An elaborate approach to interpret a kappa value is based on the notion of cumulative interval membership probability (CIMP). The interval probability represents the Normality-based probability that the “true” agreement coefficient kappa belongs to the interval in question. The general rule consists of retaining the highest interval whose CIMP equals or exceeds the threshold of 0.95. For more details see Inter-rater reliability among multiple raters when subjects are rated by different pairs of subjects blog post.

We can use one of the available scales or define a custom one.

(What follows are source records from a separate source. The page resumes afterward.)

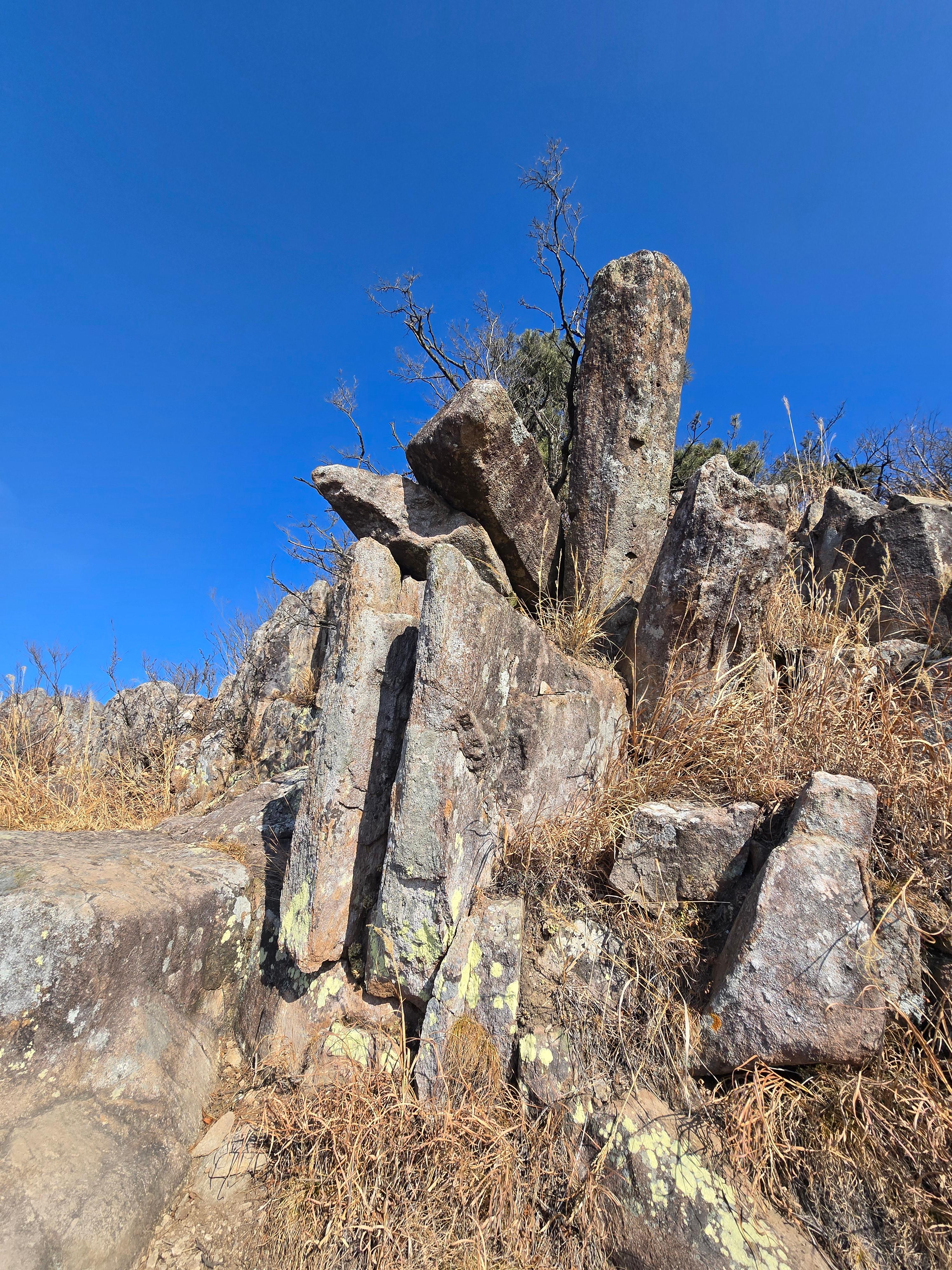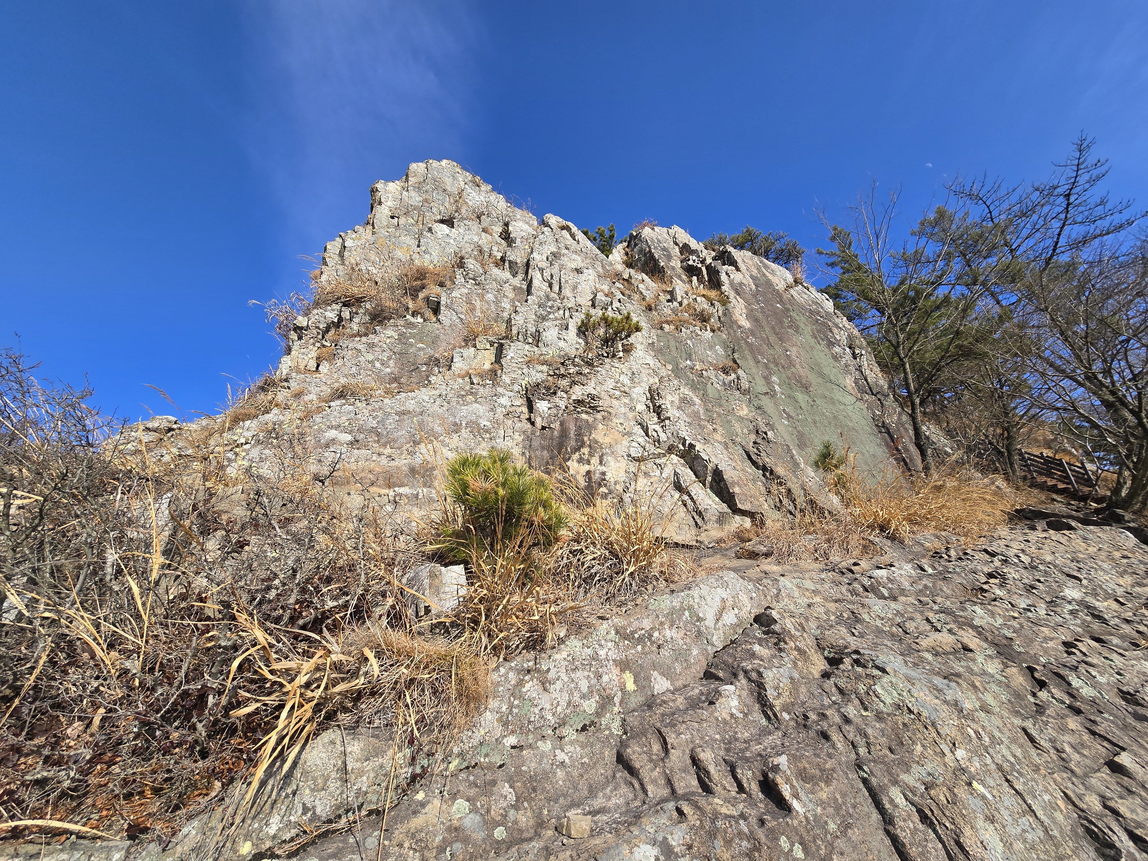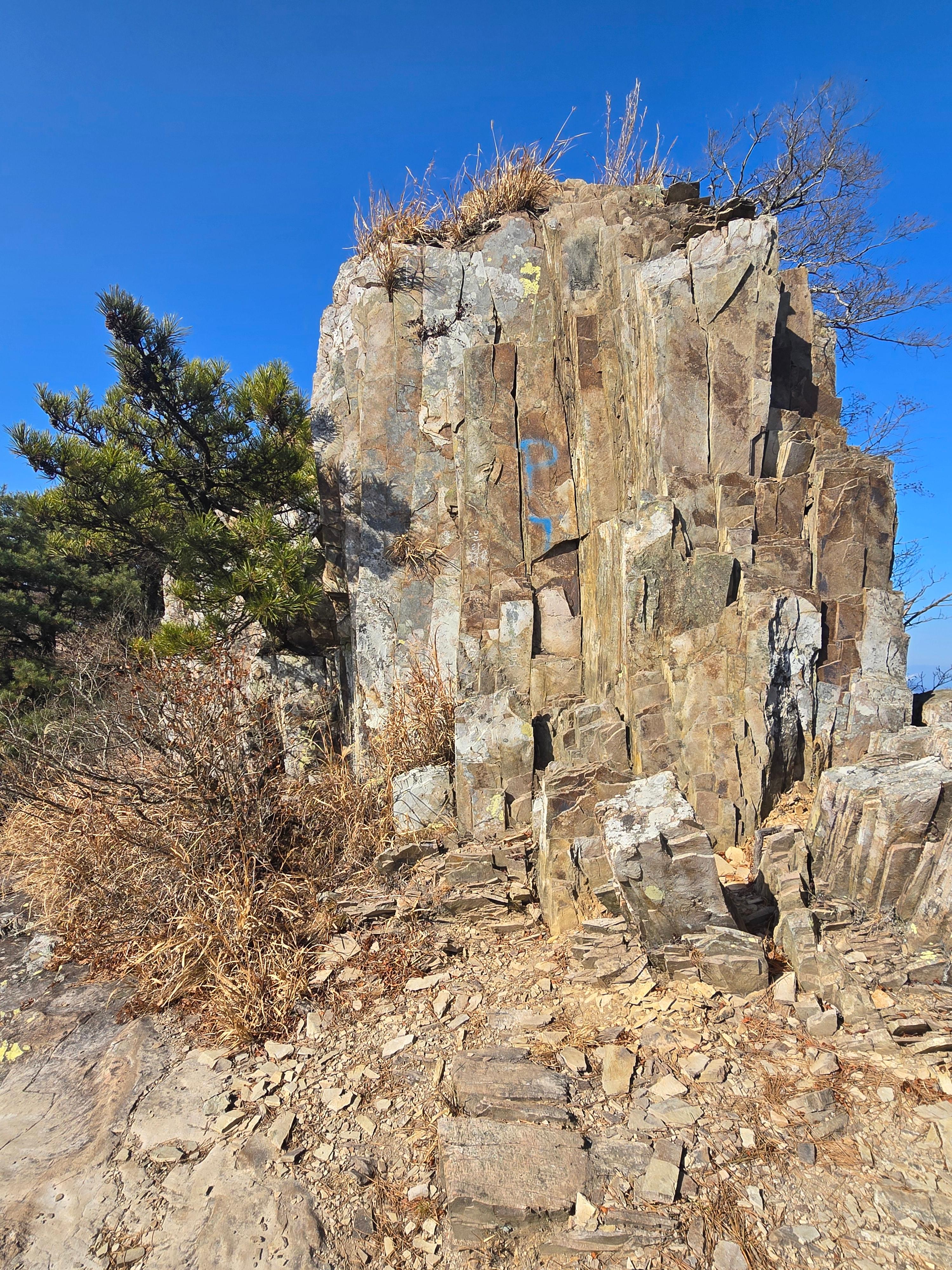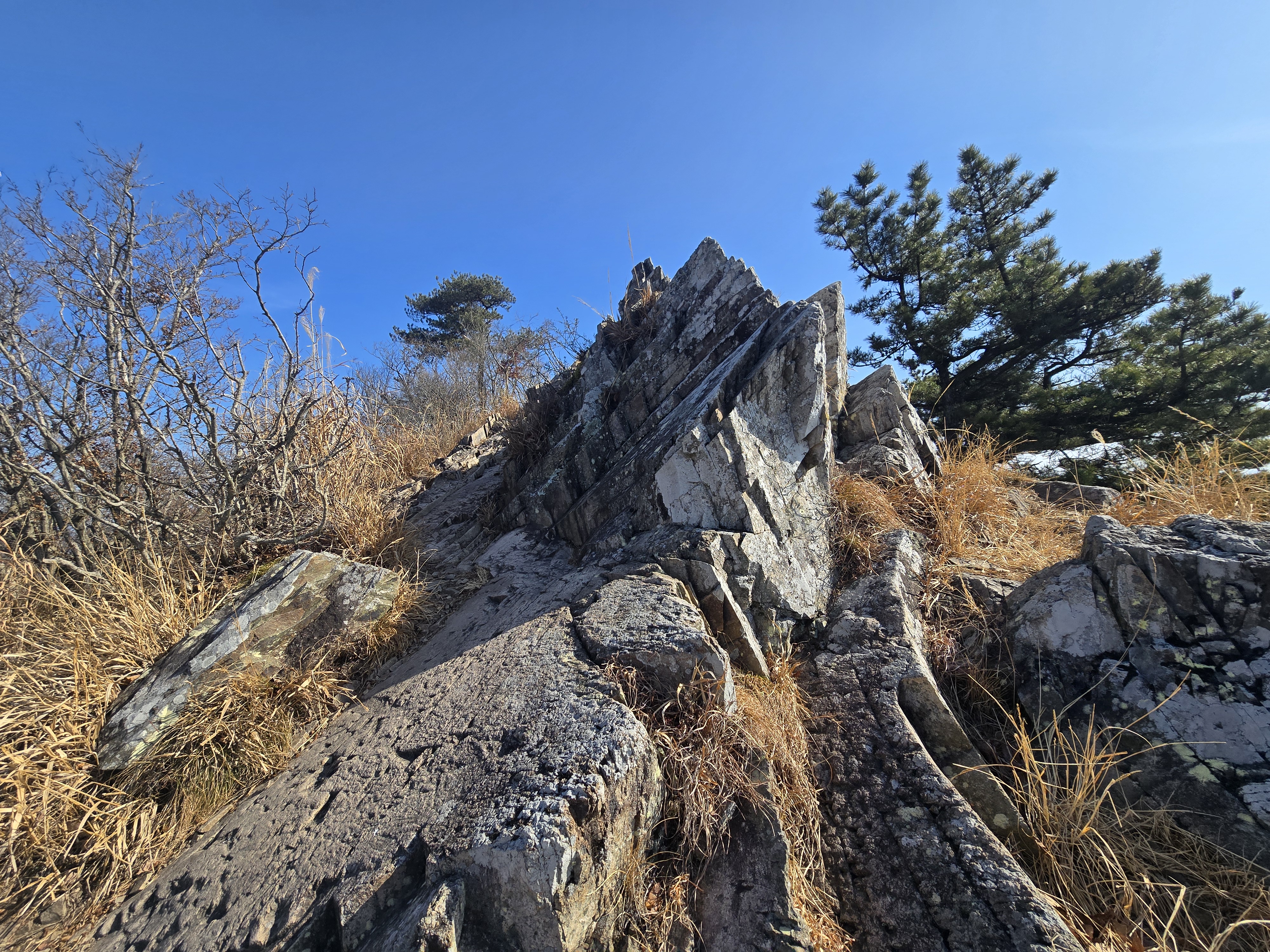 능선을 뒤덮은 바위는 수직절리도 있으며,
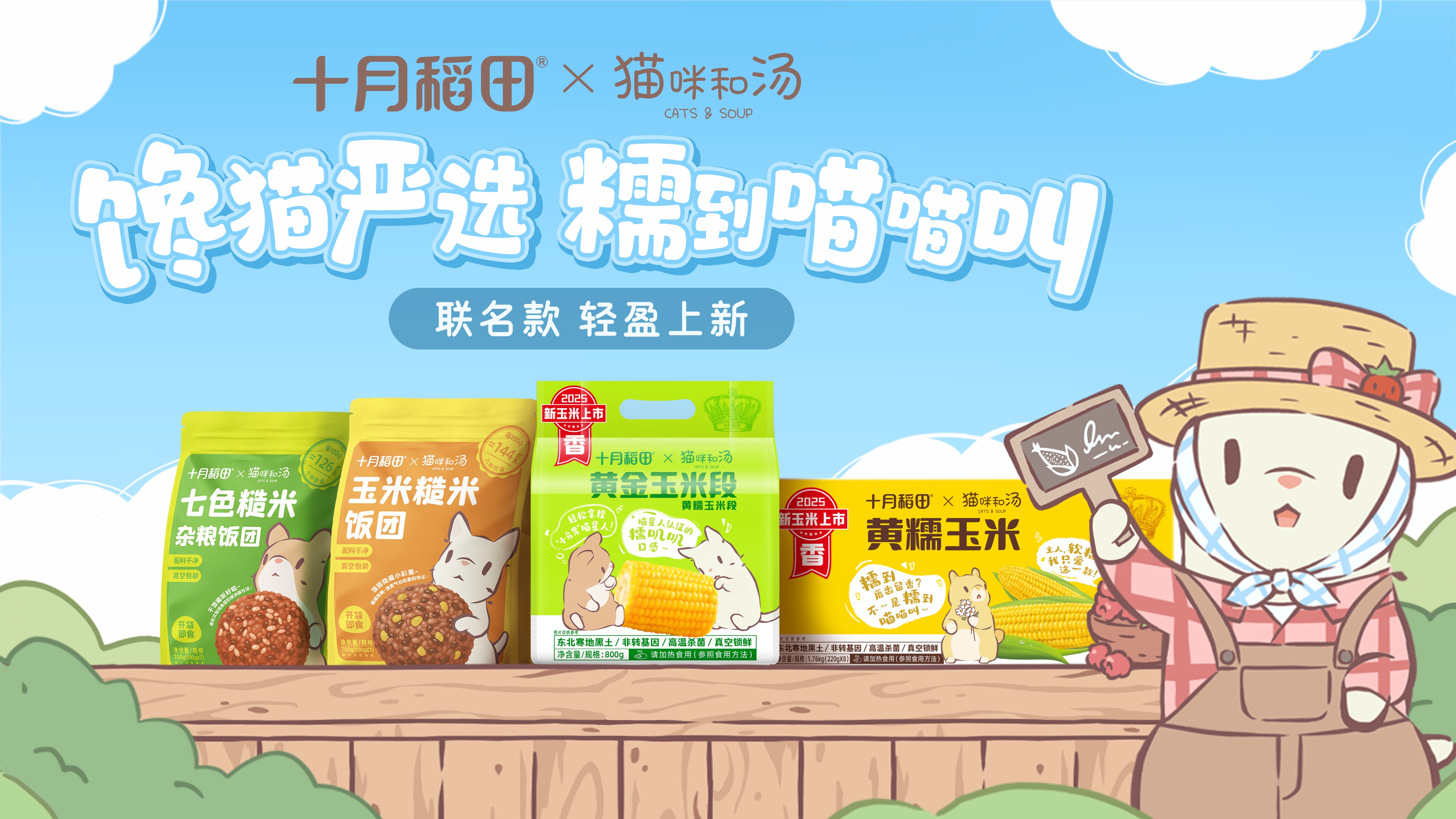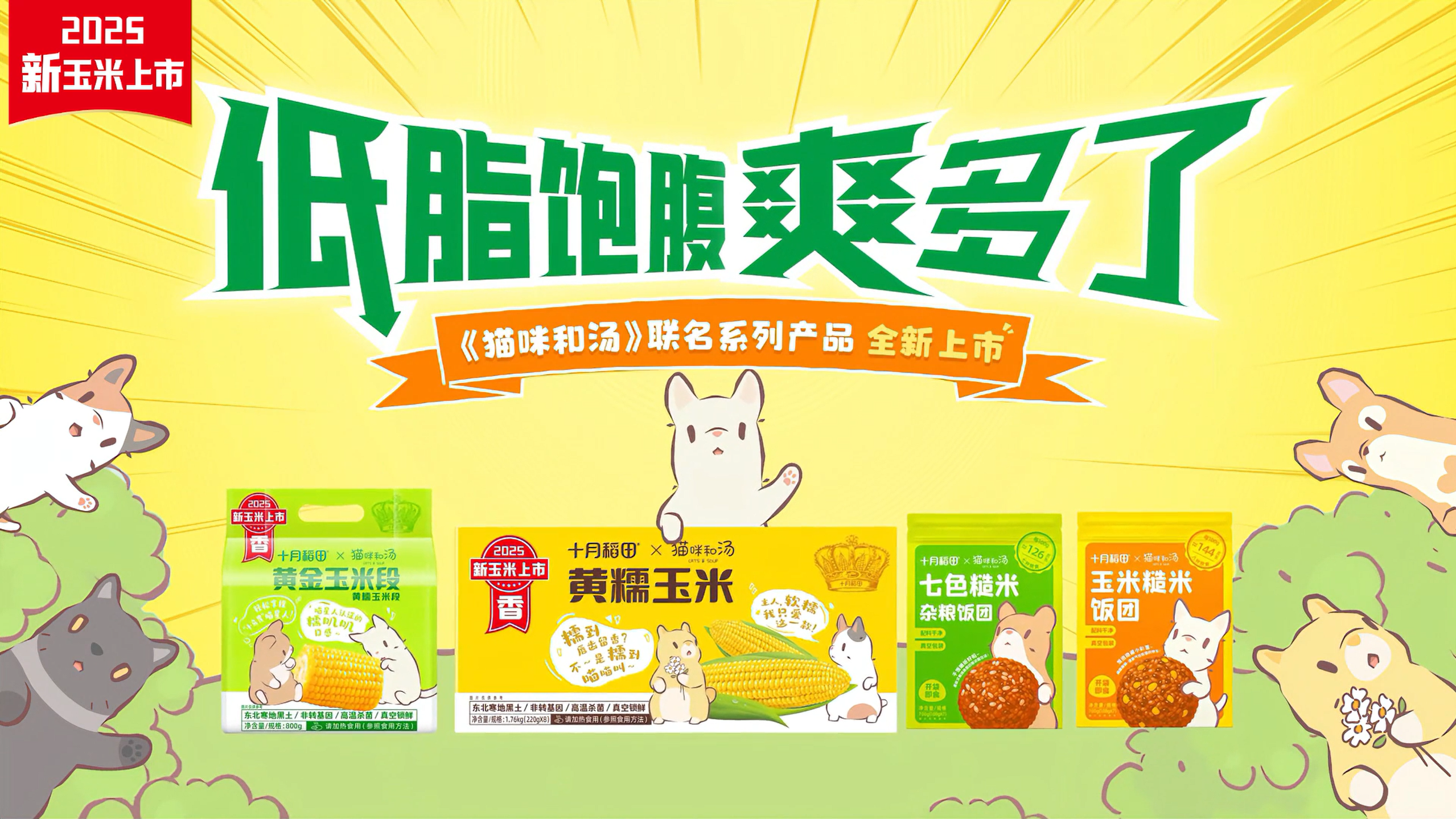 2025年新玉米上市期間,十月稻田不僅走進了機場,還走進了全球7000萬遊戲玩家的手中。8月11日,十月稻田官宣與治癒系遊戲《貓咪和湯》IP聯名,當糯到拉絲的黃金玉米成為貓咪嚴選的美食,次元壁就此被打破。
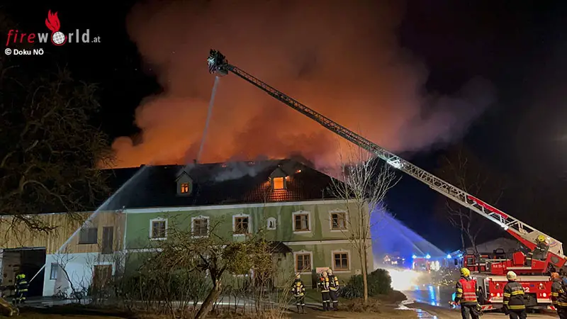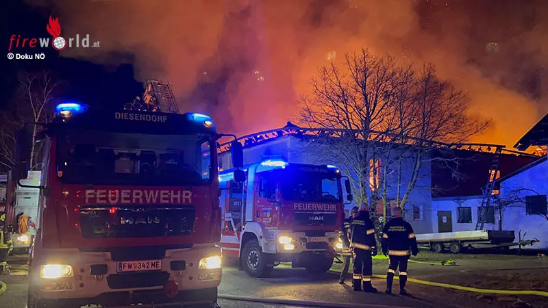 RUPRECHTSHOFEN (NÖ): Kurz nach Mitternacht wurden am 9. März 2025 mehrere Feuerwehren aus den Bezirken Melk und Scheibbs zu einem Großbrand auf einem Bauernhof bei Brunnwiesen (Gemeinde Ruprechtshofen) alarmiert.
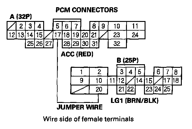 8. Momentarily connect PCM connector terminals A17 and B20 with a jumper wire several times.
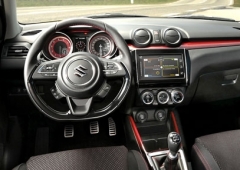 Škoda jen, že se z ní neline kdovíjak dravý zvuk, jaký by člověk od takto raženého vozu čekal. Také interiér se snaží dělat čest označení Sport – červeno-černé dekory na výplních dveří, palubní desce a středové konzole se zajímavou grafikou, červené mezikruží v otáčkoměru, malý, dole lehce zploštělý multifunkční volant a v neposlední řadě také výrazně tvarovaná sportovní sedadla, jež mají opěrku hlavy integrovanou do jednoho kusu s opěradlem a prošívání červenou nití – to vše jsou specifické prvky. Zajímavé je, že i když se ve Swiftu Sport nesedí vyloženě nízko, díky velkým možnostem nastavení volantu si najdete pohodlnou polohu, a že sedíte výš, nebudete vnímat jako vyložený nedostatek. Když už jsme uvnitř vozu, nelze nezmínit jeho opravdu bohatou výbavu. Na voze této velikosti je vskutku nebývalá, vedle 7“ dotykového displeje se širokými možnostmi konektivity a 3D mapami na SD kartě má Swift Sport hromadu bezpečnostních systémů a jízdních asistentů – monitoruje pohyb před vozem, umí sám brzdit před překážkou, varuje před opuštěním jízdního pruhu nebo pokud začne na silnici kličkovat, má adaptivní tempomat, asistent dálkových světlometů atd.
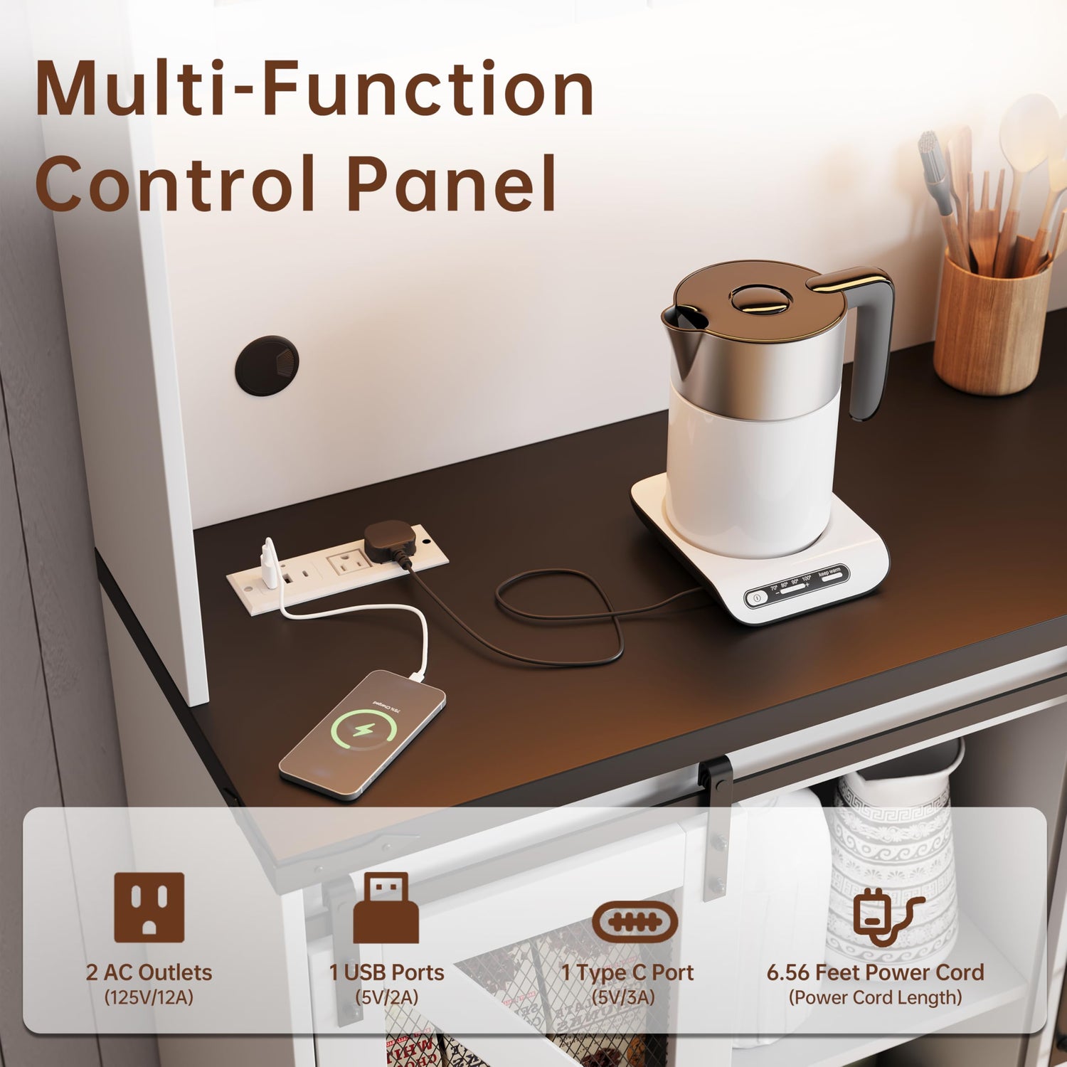 - Built-In Charging Station: This kitchen storage cabinet is designed for modern convenience, featuring a built-in charging station that includes two power outlets, a USB port, and a Type-C port. This setup is perfect for powering kitchen appliances such as coffee makers, microwaves, and blenders, simplifying your cooking routine. With easy access to power, you can keep your kitchen gadgets fully charged and ready for use, enhancing the functionality of your kitchen space

The available ones are:

  • Altman

  • Cicchetti-Sparrow

  • Fleiss

  • Landis-Koch

  • Regier

Initialize Benchmark

First, we have to initialize a Benchmark object.

[1]:
import pandas as pd
from irrCAC.benchmark import Benchmark

benchmark = Benchmark(coeff=0.67, se=0.15)
benchmark
[1]:
<Benchmark scales Coefficient value: 0.67, Standard Error: 0.15>

Altman

To interpret coefficient using the Altman scale, use the altman() method.

[2]:
altman = benchmark.altman()
altman_interp = pd.DataFrame(altman)
altman_interp
[2]:
scale Altman CumProb
0 (0.8, 1.0) Very Good 0.18168
1 (0.6, 0.8) Good 0.67511
2 (0.4, 0.6) Moderate 0.96356
3 (0.2, 0.4) Fair 0.99912
4 (-1.0, 0.2) Poor 1.00000

Ciccheti-Sparrow

To interpret coefficient using the Ciccheti-Sparrow scale, use the ciccheti_sparrow() method.

[3]:
cs = benchmark.cicchetti_sparrow()
cs_interp = pd.DataFrame(cs)
cs_interp
[3]:
scale Cicchetti CumProb
0 (0.75, 1.0) Excellent 0.28699
1 (0.6, 0.75) Good 0.67511
2 (0.4, 0.6) Fair 0.96356
3 (0.0, 0.4) Poor 1.00000

Fleiss

To interpret coefficient using the Fleiss scale, use the fleiss() method.

[4]:
fleiss = benchmark.fleiss()
fleiss_intep = pd.DataFrame(fleiss)
fleiss_intep
[4]:
scale Fleiss CumProb
0 (0.75, 1.0) Excellent 0.28699
1 (0.4, 0.75) Intermediate to Good 0.96356
2 (-1.0, 0.4) Poor 1.00000

Landis-Koch

To interpret coefficient using the Landis-Koch scale, use the landis_koch() method.

[5]:
lk = benchmark.landis_koch()
lk_interp = pd.DataFrame(lk)
lk_interp
[5]:
scale Landis-Koch CumProb
0 (0.8, 1.0) Almost Perfect 0.18168
1 (0.6, 0.8) Substantial 0.67511
2 (0.4, 0.6) Moderate 0.96356
3 (0.2, 0.4) Fair 0.99912
4 (0.0, 0.2) Slight 1.00000
5 (-1.0, 0.0) Poor 1.00000

Regier et al.

To interpret coefficient using the Landis-Koch scale, use the regier() method.

[6]:
regier = benchmark.regier()
regier_interp = pd.DataFrame(regier)
regier_interp
[6]:
scale Regier CumProb
0 (0.8, 1.0) Excellent 0.18168
1 (0.6, 0.8) Very Good 0.67511
2 (0.4, 0.6) Good 0.96356
3 (0.2, 0.4) Questionable 0.99912
4 (0.0, 0.2) Unacceptable 1.00000

Custom Scale

If you must use a custom scale, then you have to provide a dictionary as the one bellow. The lb key is for the lower bounds of the scale, the ub for the upper bounds, the interp key are the interpretations of each scale, and scale_name the name of your scale.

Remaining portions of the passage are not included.